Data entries
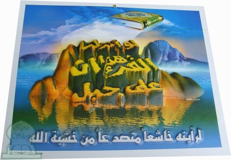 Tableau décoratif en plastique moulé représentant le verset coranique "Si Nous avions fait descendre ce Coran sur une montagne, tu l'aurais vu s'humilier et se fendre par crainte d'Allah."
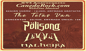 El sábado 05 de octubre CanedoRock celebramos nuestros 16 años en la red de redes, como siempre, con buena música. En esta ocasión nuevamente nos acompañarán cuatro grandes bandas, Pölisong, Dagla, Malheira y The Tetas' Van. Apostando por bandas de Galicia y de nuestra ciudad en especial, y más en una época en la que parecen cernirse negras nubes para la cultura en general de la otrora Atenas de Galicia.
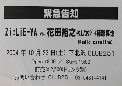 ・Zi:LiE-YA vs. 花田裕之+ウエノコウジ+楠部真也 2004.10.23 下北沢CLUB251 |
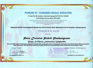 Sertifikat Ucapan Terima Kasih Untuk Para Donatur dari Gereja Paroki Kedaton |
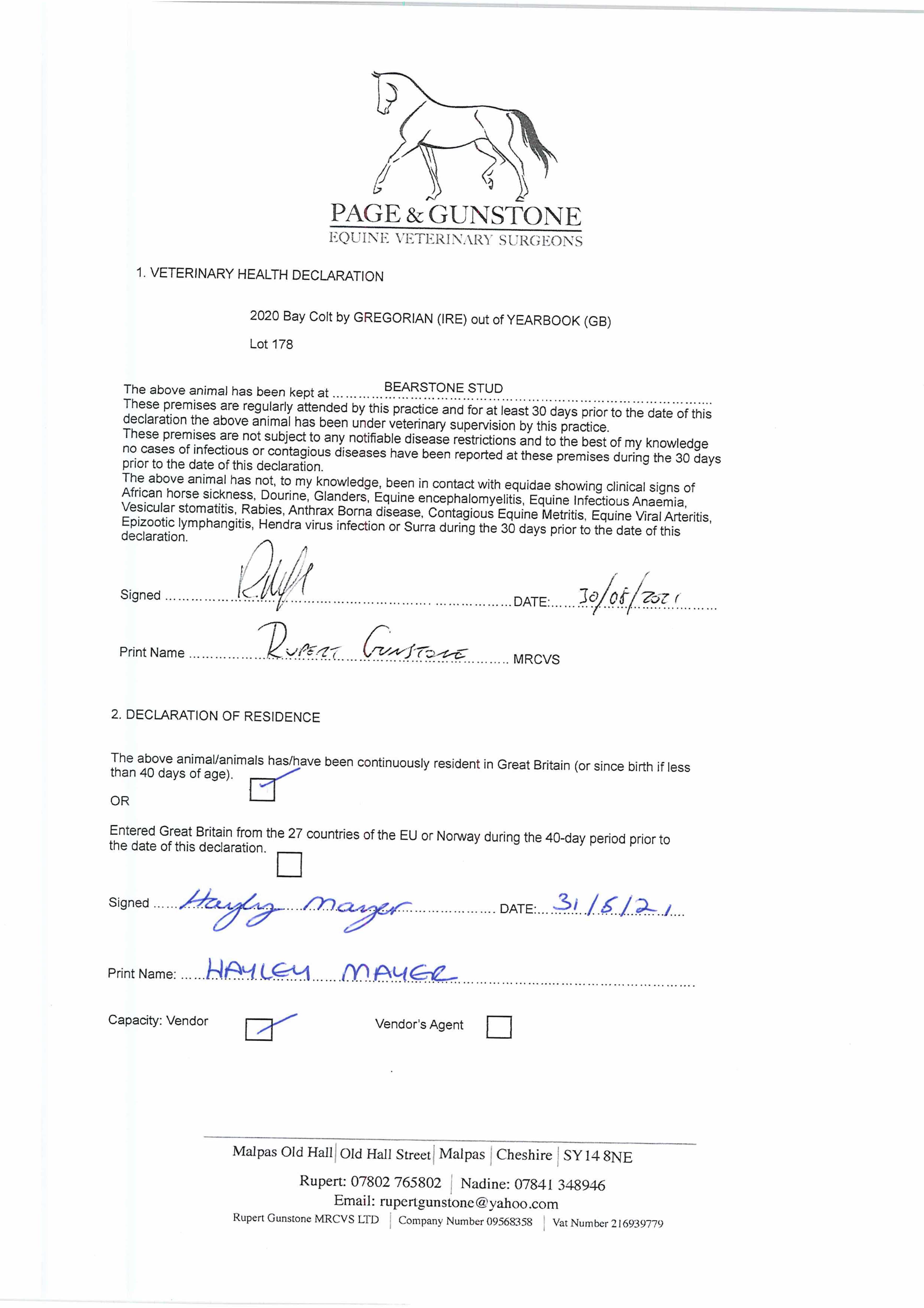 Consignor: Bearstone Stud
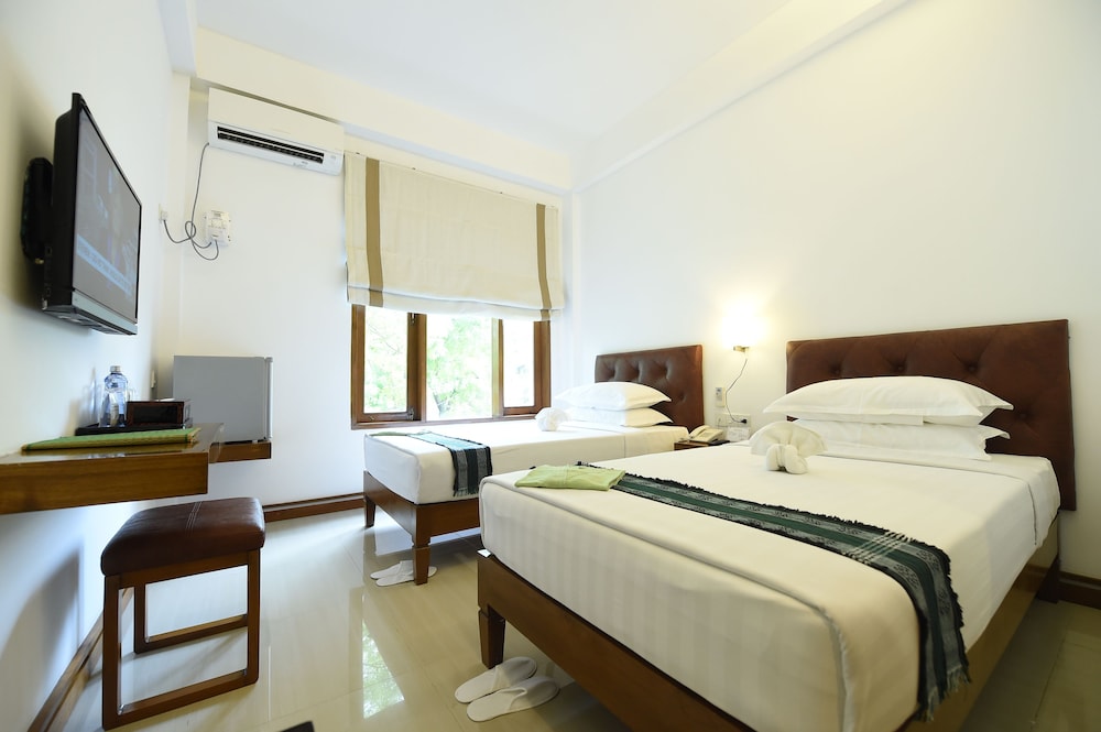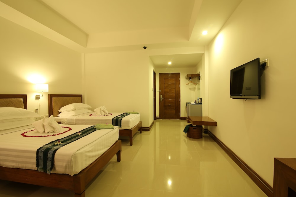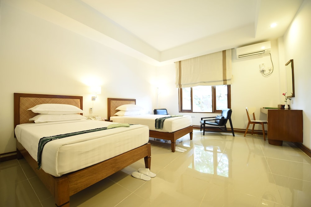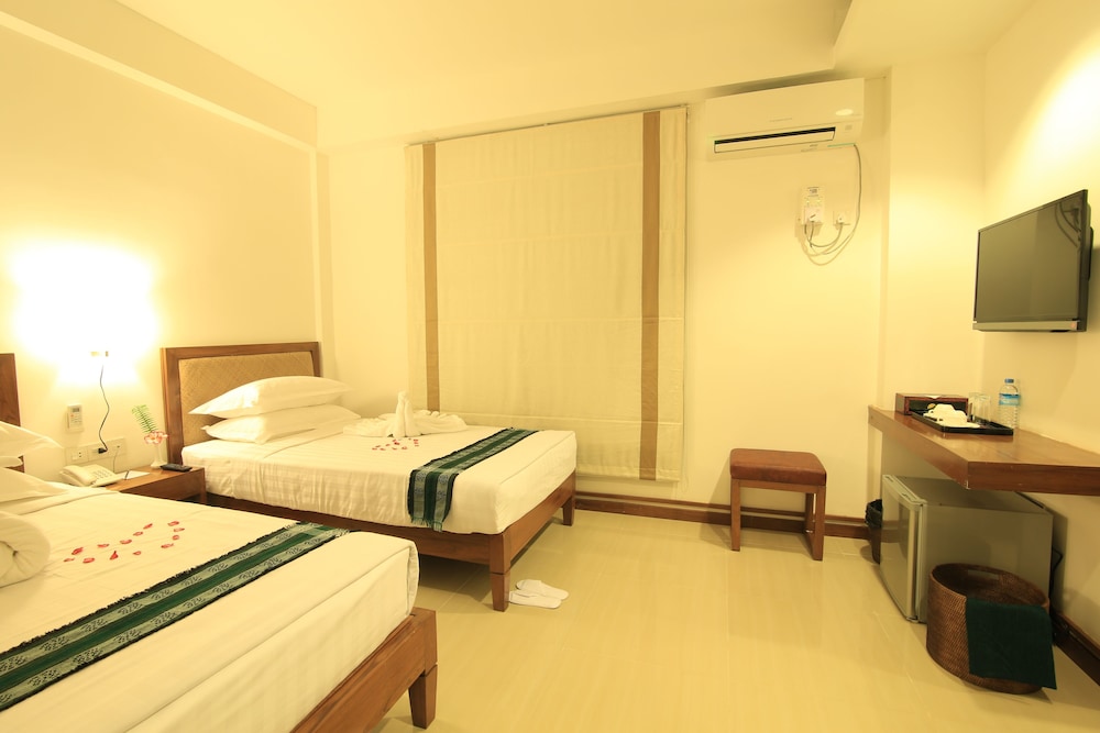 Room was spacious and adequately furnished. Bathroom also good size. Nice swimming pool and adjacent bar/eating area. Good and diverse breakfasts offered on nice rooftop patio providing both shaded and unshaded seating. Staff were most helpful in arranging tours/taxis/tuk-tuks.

## Work required
From the line containing "2004.10.23 下北沢CLUB251 |" through the end of the entries, quote each line exactly and nothing else, excluding all pictures.

## Reply
 ・Zi:LiE-YA vs. 花田裕之+ウエノコウジ+楠部真也 2004.10.23 下北沢CLUB251 |
 Sertifikat Ucapan Terima Kasih Untuk Para Donatur dari Gereja Paroki Kedaton |
 Consignor: Bearstone Stud
 Room was spacious and adequately furnished. Bathroom also good size. Nice swimming pool and adjacent bar/eating area. Good and diverse breakfasts offered on nice rooftop patio providing both shaded and unshaded seating. Staff were most helpful in arranging tours/taxis/tuk-tuks.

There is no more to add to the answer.